**Exercise aim**
Beginning with the line containing "Beautiful purple sari" and ending with the line containing "Ashanti-koning Osei Tutu", write out each line of the records below exactly; pictures and lines outside that range are left out.

**Supplied information**
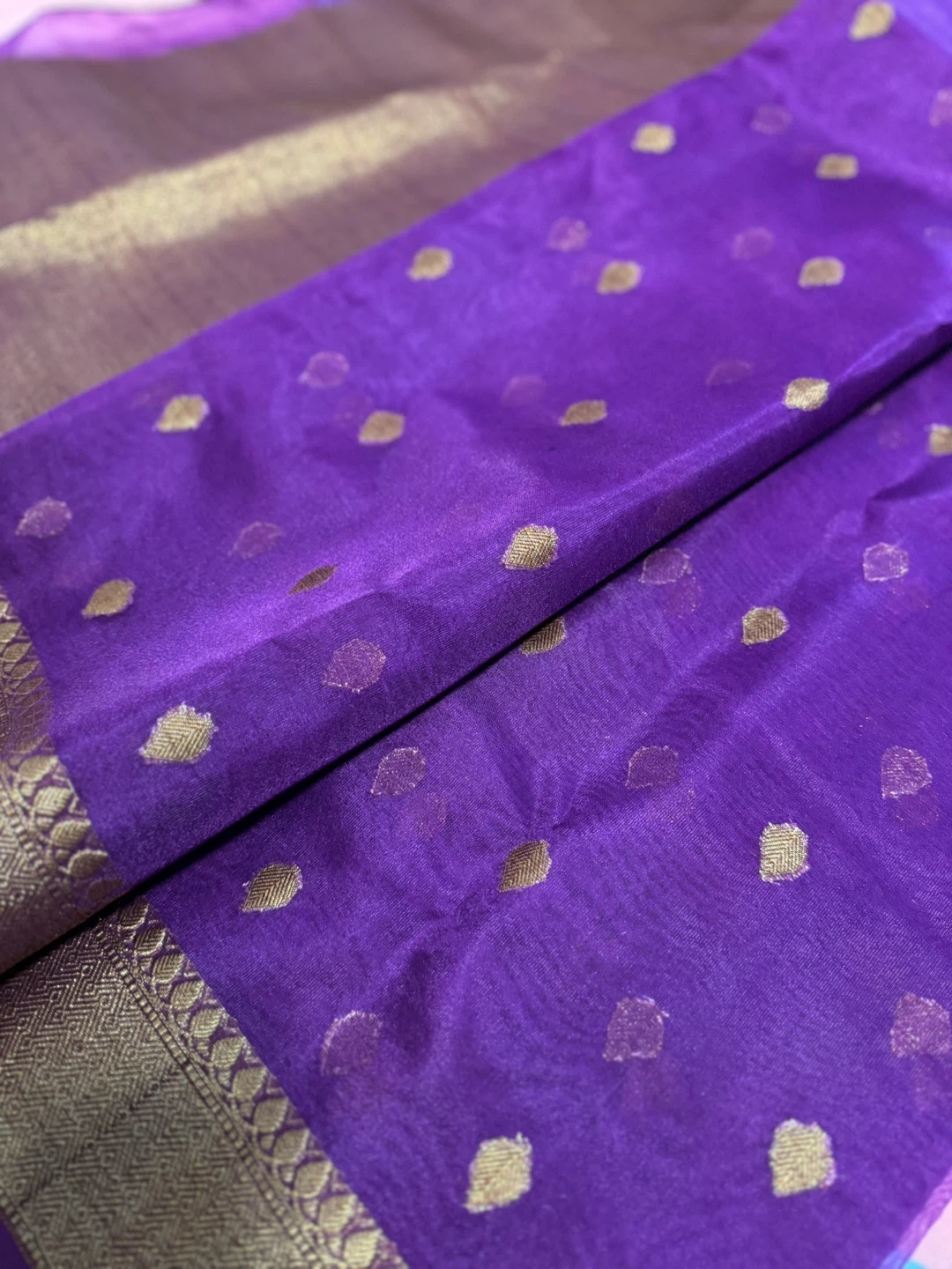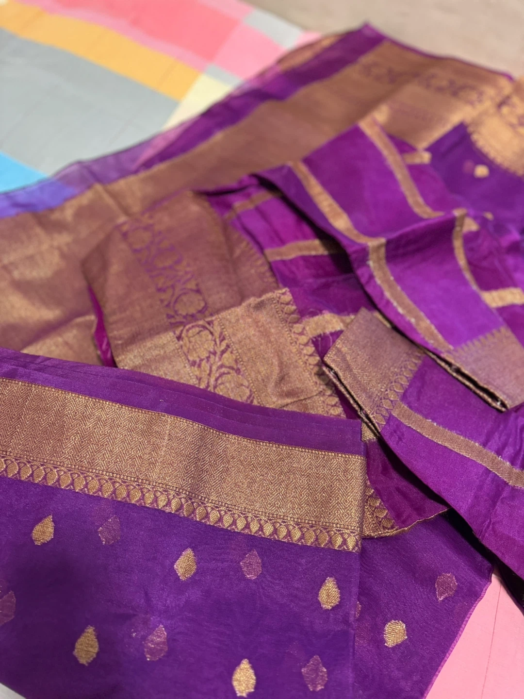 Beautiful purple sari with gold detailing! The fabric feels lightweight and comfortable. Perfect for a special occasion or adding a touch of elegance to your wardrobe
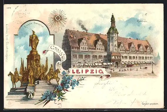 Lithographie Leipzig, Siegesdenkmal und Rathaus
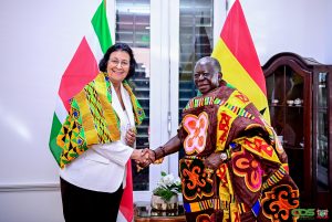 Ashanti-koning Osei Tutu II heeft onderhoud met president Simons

* * *

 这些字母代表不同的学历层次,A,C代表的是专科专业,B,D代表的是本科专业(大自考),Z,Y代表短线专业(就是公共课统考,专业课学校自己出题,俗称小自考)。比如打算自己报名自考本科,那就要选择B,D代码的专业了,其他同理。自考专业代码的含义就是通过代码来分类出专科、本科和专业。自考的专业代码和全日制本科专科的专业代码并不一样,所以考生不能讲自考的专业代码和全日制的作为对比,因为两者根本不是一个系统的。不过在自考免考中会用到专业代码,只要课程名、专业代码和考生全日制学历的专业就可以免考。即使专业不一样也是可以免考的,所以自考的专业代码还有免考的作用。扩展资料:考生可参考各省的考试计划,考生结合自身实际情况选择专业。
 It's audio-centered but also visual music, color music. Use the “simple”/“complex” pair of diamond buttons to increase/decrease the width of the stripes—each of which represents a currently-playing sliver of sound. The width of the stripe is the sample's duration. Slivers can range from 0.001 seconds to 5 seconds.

**Exercise response**
 Beautiful purple sari with gold detailing! The fabric feels lightweight and comfortable. Perfect for a special occasion or adding a touch of elegance to your wardrobe
 Lithographie Leipzig, Siegesdenkmal und Rathaus
 Ashanti-koning Osei Tutu II heeft onderhoud met president Simons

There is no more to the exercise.